THE REACTION to every speech is always in the ear of the hearer.
Some will inevitably dismiss Enda Kenny’s remarks during Wednesday’s Dáil debate on the Cloyne report as a populist attack upon an increasingly unpopular institution or as being motivated by political rather than policy considerations.
The speech has already been dismissed by some as a polemic rather than as a contribution to debate.
To do so is to miss the point.
The purpose of Kenny’s speech was not to persuade or to debate, neither was it a comprehensive treatment of Government policy on church- State affairs, or on relations between Ireland and the Vatican.
What it was, above all else, was a clear statement of attitude.
The new Government of Ireland has given notice that it is adopting a new and less deferential attitude to the Catholic Church and to the Vatican.
That is a very healthy development.
Of course the Taoiseach’s speech was political – he is the country’s top politician after all – but it was not cynically so.
The Taoiseach and his advisers will have been conscious that his remarks would be portrayed as populist grandstanding by those who don’t want to accept the point he was making.
By playing it straight in media management terms they did much to undermine that suggestion.
Instinctively, political handlers might have preferred to ensure that the press gallery and the Dáil benches were packed for the speech.
They could have ensured this by ringing around in advance.
They did not do so.
They also resisted the temptation to trail the speech and its significance by leaking snippets to one of that morning’s newspapers.
Instead they let the speech takes its place in the chronology of a news day that everybody expected to be dominated by the euro crisis and other stories.
The absence of hype or advance billing gave the speech greater impact.
Others have criticised Kenny’s text on the basis that it was unfair to the current papacy or that the tone was wrong.
Again, however, they miss the point.
The current Vatican regime carries responsibility for the errors of its predecessors.
Kenny’s tone if anything was too soft in the circumstances.
If, as is clear, this Government has made a strategic decision to adopt a more confrontational posture towards the Catholic Church leadership in general and the Vatican in particular, then the publication of the Cloyne report was the proper occasion for that change in approach to be marked.
The venue was appropriate.
Kenny was right to do it in the chamber of parliament itself rather in a media statement or some kind of formal diplomatic demarche.
The fact that it was done at the level of the Taoiseach rather than by the Minister for Foreign Affairs or Minister for Justice was also appropriate.
The revelations in the Cloyne report and previous such reports require that the church and the Vatican be confronted at head of government level.
Coming from Kenny it had the added dimension of coming from a senior politician who is also a practising Catholic.
Since he was advancing the official Government position it should not matter whether the speaker has any faith, Catholic or otherwise, but in reality it does and it was Kenny himself who chose to emphasise that dimension.

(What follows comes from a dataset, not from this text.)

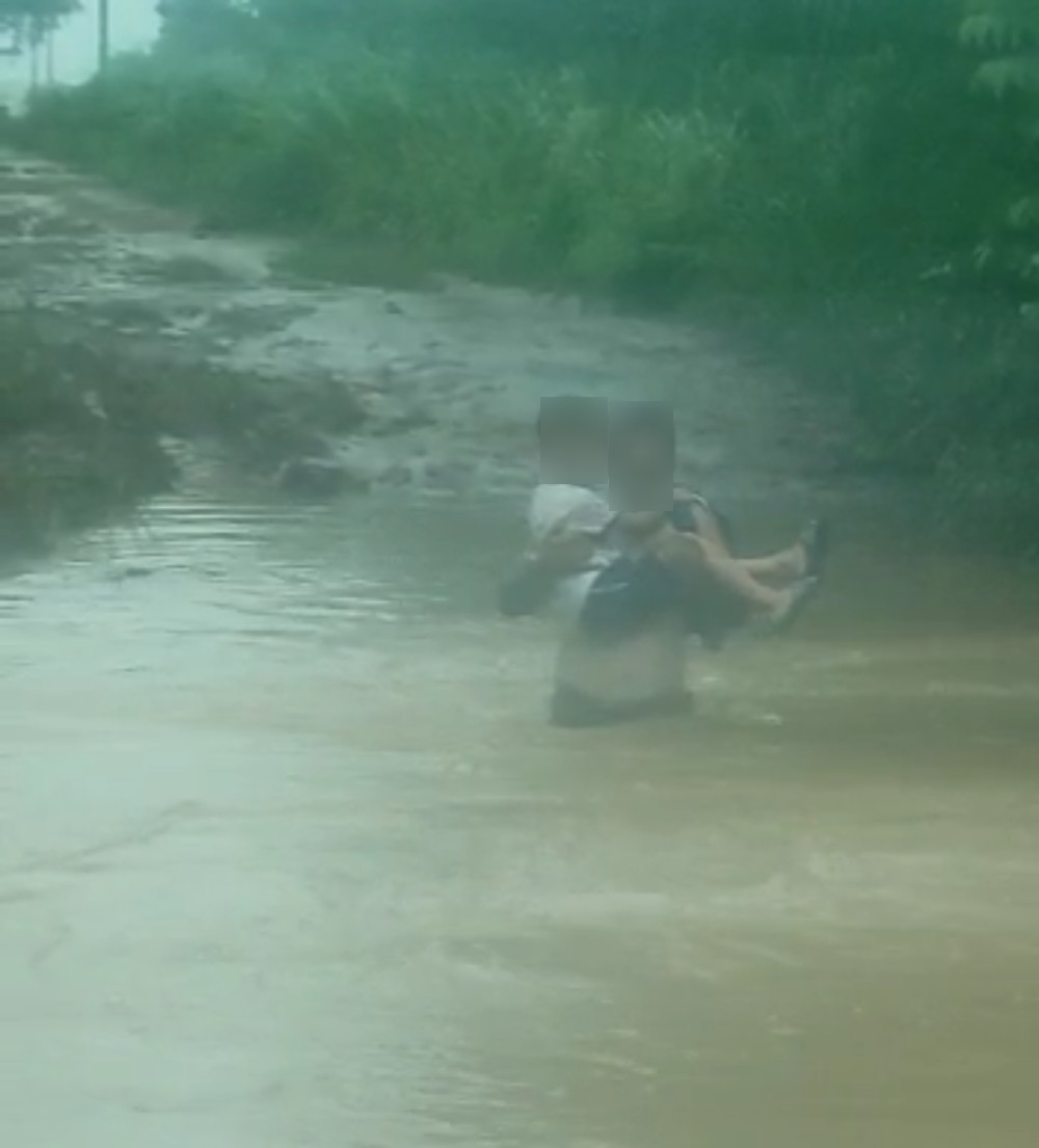 A Marcilene Martins Teixeira, de 33 anos, vive no local há quatro anos e conta que toda vez que chove a situação se repete. Um vídeo que circula nas redes sociais mostra o filho dela, de quatro anos, sendo carregado por um parente durante a travessia. A água chega até a cintura do homem.
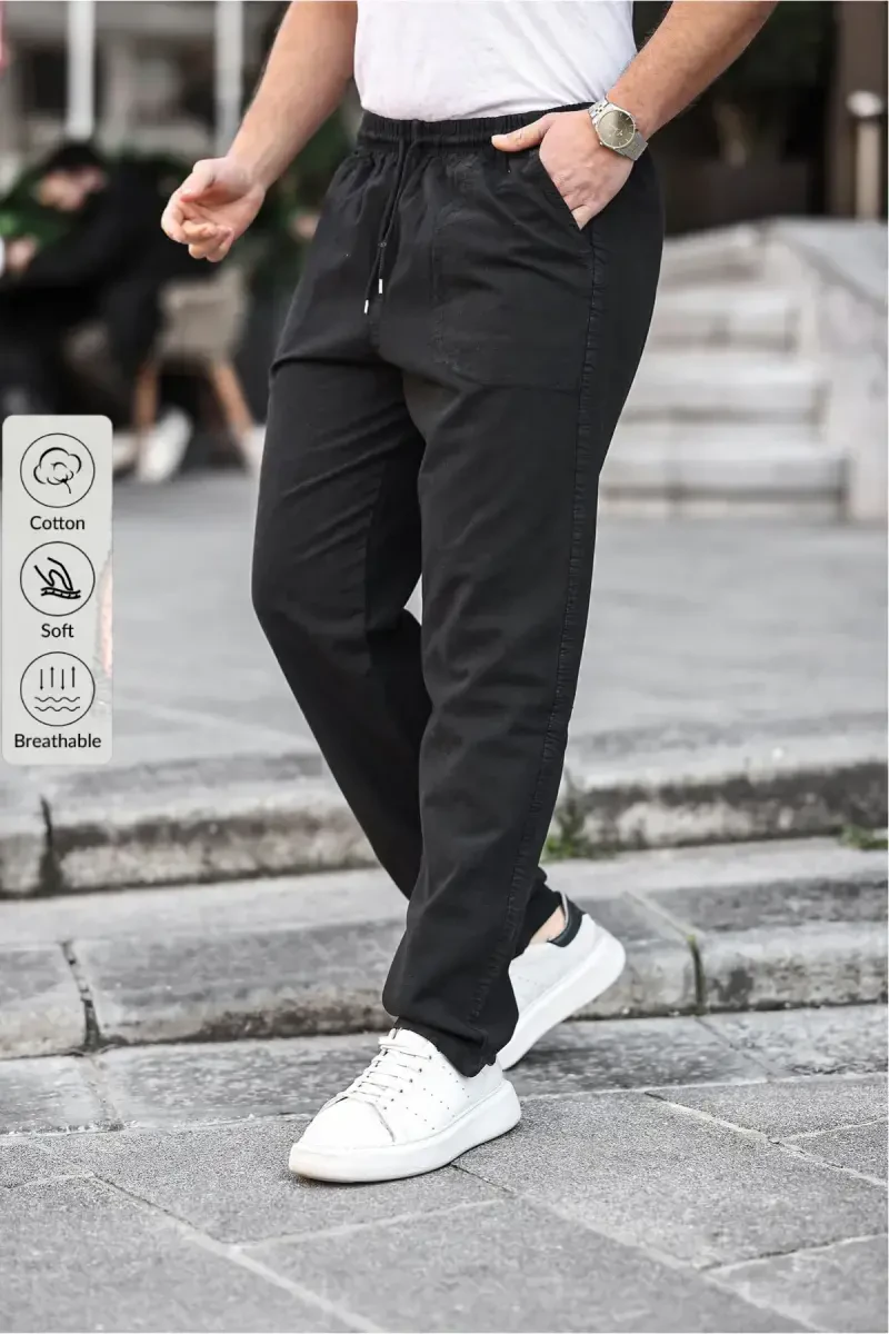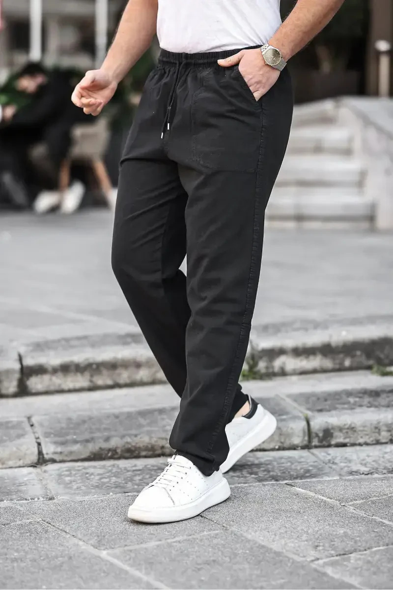 Issiq yoz kunlarida zamonaviy va qulay ko'rinish uchun qora rangli erkaklar yozgi zig'ir aralashmasi erkin shimni tanlang!

It would have been easier for those who wished to dismiss the speech to do so if it had come from a more secular politician or a non-Catholic.

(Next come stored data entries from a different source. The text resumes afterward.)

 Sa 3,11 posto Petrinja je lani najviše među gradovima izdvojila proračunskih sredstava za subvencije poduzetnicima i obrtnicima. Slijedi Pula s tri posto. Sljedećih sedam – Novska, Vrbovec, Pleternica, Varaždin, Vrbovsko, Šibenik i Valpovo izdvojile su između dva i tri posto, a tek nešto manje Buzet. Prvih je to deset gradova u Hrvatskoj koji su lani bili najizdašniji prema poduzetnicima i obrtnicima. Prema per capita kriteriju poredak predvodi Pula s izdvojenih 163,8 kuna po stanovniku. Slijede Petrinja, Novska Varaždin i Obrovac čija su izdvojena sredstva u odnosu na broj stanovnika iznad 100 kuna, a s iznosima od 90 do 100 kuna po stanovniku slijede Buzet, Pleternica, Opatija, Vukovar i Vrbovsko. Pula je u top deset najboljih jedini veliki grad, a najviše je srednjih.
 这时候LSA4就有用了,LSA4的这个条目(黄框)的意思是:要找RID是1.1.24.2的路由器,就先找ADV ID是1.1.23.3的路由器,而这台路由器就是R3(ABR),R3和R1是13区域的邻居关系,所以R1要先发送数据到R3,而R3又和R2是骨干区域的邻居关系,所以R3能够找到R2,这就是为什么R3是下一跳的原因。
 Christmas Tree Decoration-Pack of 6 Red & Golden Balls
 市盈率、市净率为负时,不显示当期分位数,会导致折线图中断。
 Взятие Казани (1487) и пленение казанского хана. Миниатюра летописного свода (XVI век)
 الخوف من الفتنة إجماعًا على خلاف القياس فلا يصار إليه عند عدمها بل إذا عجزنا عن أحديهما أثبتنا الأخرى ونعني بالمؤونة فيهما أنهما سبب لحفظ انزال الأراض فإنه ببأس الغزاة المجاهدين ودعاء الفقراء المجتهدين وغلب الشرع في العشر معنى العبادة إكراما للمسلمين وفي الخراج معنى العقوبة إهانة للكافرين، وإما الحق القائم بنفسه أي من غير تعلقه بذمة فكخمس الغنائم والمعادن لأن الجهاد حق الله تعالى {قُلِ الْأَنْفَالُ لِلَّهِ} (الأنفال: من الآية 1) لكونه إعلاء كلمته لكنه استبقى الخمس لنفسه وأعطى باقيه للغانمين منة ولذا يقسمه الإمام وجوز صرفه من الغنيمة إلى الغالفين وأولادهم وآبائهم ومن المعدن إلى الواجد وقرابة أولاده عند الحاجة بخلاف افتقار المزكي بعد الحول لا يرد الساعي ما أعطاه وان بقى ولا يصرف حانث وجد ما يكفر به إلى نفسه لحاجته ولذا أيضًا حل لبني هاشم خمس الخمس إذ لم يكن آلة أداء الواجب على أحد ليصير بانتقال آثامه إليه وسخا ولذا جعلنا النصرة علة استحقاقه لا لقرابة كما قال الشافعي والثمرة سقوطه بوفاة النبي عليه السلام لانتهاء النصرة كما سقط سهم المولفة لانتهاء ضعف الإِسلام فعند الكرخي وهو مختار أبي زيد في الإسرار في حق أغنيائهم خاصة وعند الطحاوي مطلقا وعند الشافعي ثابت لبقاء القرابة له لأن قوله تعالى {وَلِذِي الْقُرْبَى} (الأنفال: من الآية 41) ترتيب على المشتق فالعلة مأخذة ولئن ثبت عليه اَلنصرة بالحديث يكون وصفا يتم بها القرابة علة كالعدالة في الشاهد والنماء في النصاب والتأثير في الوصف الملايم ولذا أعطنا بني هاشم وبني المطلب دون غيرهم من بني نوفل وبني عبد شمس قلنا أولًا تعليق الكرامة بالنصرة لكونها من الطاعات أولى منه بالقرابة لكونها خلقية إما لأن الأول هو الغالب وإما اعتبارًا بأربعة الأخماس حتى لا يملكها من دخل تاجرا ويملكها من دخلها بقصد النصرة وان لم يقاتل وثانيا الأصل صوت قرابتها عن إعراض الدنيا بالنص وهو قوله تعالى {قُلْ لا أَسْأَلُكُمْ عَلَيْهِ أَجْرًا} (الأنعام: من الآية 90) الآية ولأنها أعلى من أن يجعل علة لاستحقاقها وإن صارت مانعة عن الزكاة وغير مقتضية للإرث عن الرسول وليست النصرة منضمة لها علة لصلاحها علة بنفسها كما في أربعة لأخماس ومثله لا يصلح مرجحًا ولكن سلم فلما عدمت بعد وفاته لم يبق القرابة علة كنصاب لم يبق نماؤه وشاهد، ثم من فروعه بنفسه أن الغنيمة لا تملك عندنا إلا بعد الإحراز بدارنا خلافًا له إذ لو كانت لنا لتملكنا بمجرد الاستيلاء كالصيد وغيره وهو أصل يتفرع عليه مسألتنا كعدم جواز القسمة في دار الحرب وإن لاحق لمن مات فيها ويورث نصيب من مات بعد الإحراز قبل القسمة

While Bertie Ahern and Brian Cowen condemned child abuse by priests and cover-ups by bishops in equally trenchant terms, they were more cautious in their critique of the church senior management here and in Rome.

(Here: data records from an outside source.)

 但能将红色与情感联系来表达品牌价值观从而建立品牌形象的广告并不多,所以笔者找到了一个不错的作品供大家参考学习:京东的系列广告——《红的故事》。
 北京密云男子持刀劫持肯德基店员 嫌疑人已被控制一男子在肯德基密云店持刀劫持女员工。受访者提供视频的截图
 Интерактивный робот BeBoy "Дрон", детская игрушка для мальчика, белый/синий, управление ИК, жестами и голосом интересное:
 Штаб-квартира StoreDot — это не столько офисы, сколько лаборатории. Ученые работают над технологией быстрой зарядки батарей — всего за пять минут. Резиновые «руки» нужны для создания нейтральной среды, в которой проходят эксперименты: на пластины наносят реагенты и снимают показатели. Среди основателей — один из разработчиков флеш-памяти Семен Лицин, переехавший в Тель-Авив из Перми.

The tone and language used by Kenny is in stark contrast to that used by Brian Cowen in December 2009 when the Murphy commission report into the Dublin diocese was published.
As I noted here at that time, Cowen’s most high-profile intervention as taoiseach in the intense public debate following the publication of that Murphy report had the effect of defending the Vatican’s actions rather than adequately communicating this country’s outrage at the church’s connivance in the covering up of crime.
It did not require much courage to say what Enda Kenny said this week.
The institution against which he directed his remarks is no longer a political force.
His views chimed with the overwhelming majority of Irish public opinion.
However, unlike his predecessors, Kenny had both the inclination and the confidence to set aside the diplomatic niceties and state baldly the contempt that the people of Ireland have for the manner in which the Catholic Church has responded to these revelations.
In years to come, passages from this speech will be cited as marking a watershed in the relationship between Ireland and the Vatican.
Historians will also be interested, however, in exploring how this speech came to be made.
It will be fascinating to see if the Taoiseach and those involved with him in the preparation of his text chose to consult in advance with Irish diplomats at the Holy See or with other officials. One suspects that if they got such an opportunity the Irish permanent government advised a more cautious approach.
If that was the case then Kenny was right to ignore it.
In his collection of 50 Great Irish Speeches the historian Richard Aldous makes the point that such speeches can be divided into two types: those of the head and those of the heart. Many, he says, display remarkable powers of analysis, “setting out rigorous arguments to influence opinion by sheer force of intellect”.
Others, he says, gain their authority from the passion and context of their delivery and because they capture a public mood.
Enda Kenny’s speech this week clearly fits into the later category.
It seems destined to make the cut for Aldous’s future editions.